1. Lack of effective strategic planning

SAI Global’s principal advisor in business improvement, David Smith, said small-to-medium businesses are the biggest culprits of failing to strategically plan.

“We find smaller businesses more commonly have less of a focus on strategy and direction,” Smith said.

“They are too busy running their business and don’t have the resources to look at the bigger picture. As such, they have less of an understanding of the competitive environment, are less able to compete, and often struggle to identify opportunities and grow.”

2. Mid-level and junior employees don’t know about the business’ objectives

Businesses are failing to let lower level employees know about their measurable objectives, and provide them with the necessary resources to achieve those objectives.

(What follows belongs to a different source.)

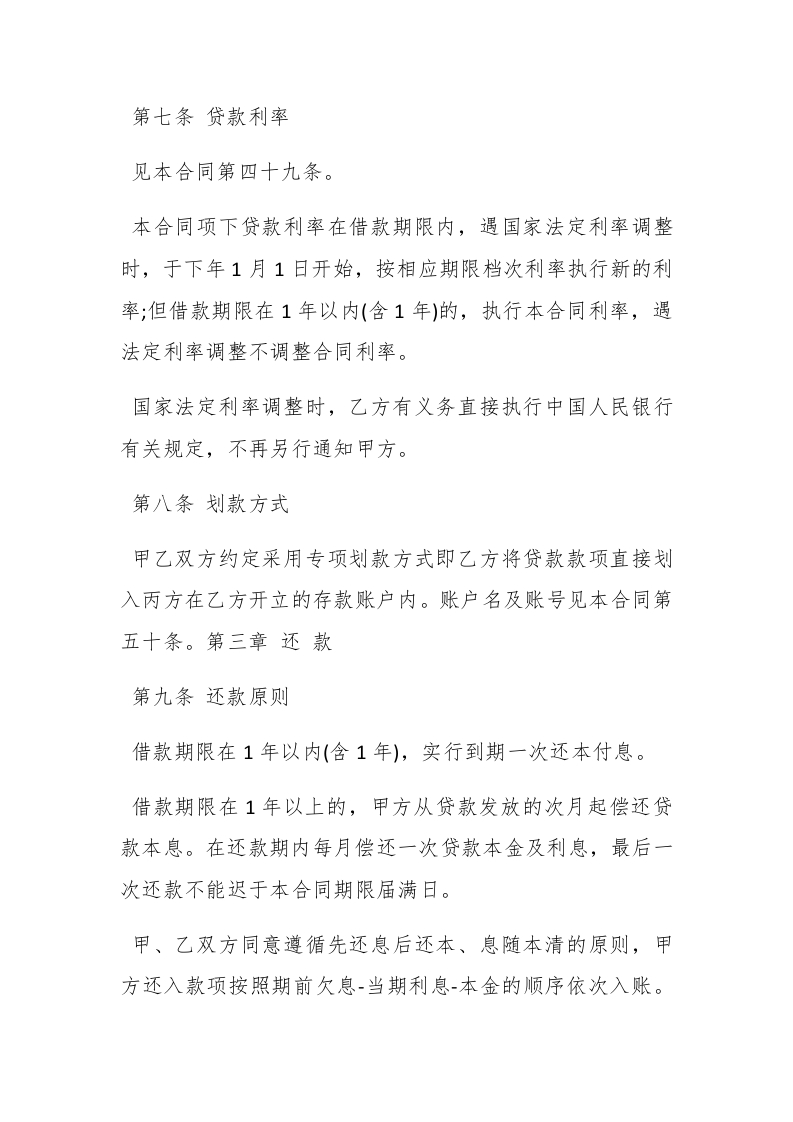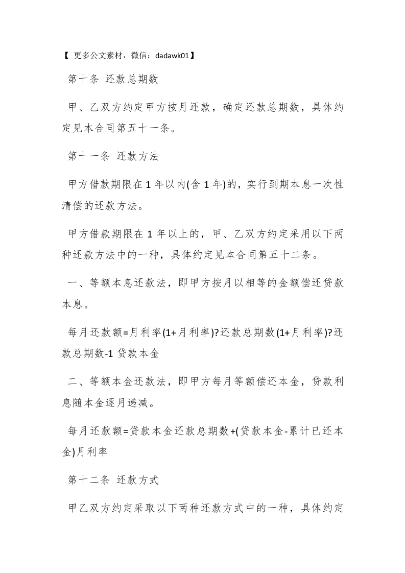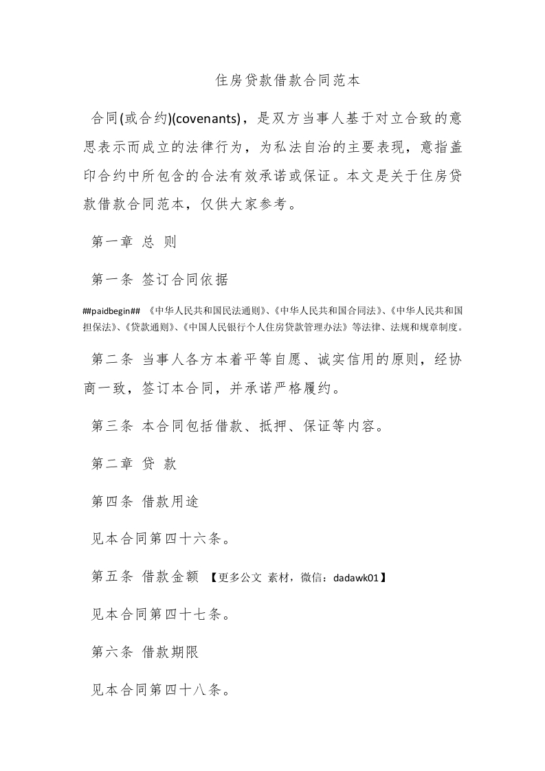 住房贷款借款合同范本合同(或合约)(covenants),是双方当事人基于对立合致的意思表示而成立的法律行为,为私法自治的主要表现,意指盖印合约中所包含的合法有效承诺或保证。本文是关于住房贷款借款合同范本,仅供大家参考。第一章总则第一条签订合同依据郴paidbegin#《中华人民共和国民法通则》、《中华人民共和国合同法》、《中华人民共和国担保法》、《贷款通则》、《中国人民银行个人住房贷款管理办法》等法律、法规和规章制度。第二条当事人各方本着平等自愿、诚实信用的原则,经协商一致,签订本合同,并承诺严格履约。第三条本合同包括借款、抵押、保证等内容。第二章贷款第四条借款用途见本合同第四十六条。第五条借款金额【更多公文素材,微信:dadawk01】见本合同第四十七条。第六条借款期限见本合同第四十八条。

Smith said this leads to the “silo effect”, where internal teams work independently of each other.

Ultimately, it becomes tougher for those businesses to meet their objectives.

3. Important business functions aren’t being monitored

Businesses should be monitoring performance at each level, but Smith said monitoring processes aren’t being developed, or if they are, they’re not followed.

If businesses are looking to improve the efficiency of certain functions, it’s unlikely to achieve that if they don’t implement a scheduling system that can be measured.

4. Short-sighted leadership

Small-to-medium businesses tend to excel in leadership, but in larger organisations, Smith said he’d seen section heads focus on their own area, instead of the entire organisation.

This also leads to the silo effect, which in turn leads to inefficiencies.

5. Conflicting systems, processes and objectives

Some internal systems and objectives within individual departments can clash with businesses’ objectives.

“For instance, an organisation’s call centre may have an efficiency targets that requires its operators to limit their call times with each customer,” the report said.

“This could mean that all of the information required from the customer to provide a quality service is not obtained and this can hinder the achievement of the quality service objectives set by the organisation.”

6. Employees don’t receive support to develop

Smith said when SAI Global interviewed employees as part of its auditing process, it often found they were put into roles with very little mentoring and support.

“As a result, they have difficulty in fulfilling the requirements of their role, particularly early on,” he said.

7. Failing to identify and solve problems

Senior management often use profit and loss statements alone to monitor the health of their business, but Smith said this isn’t an effective means of doing so.

“Basing decisions on financials without a focus on the quality of the organisation’s products and services happens a lot – and is not an effective means of identifying problems.”

When the silo effect is occurring, Smith said problems are sometimes hidden in individual departments, rather than financial statements, and this tends to have a negative effect on the entire organisation.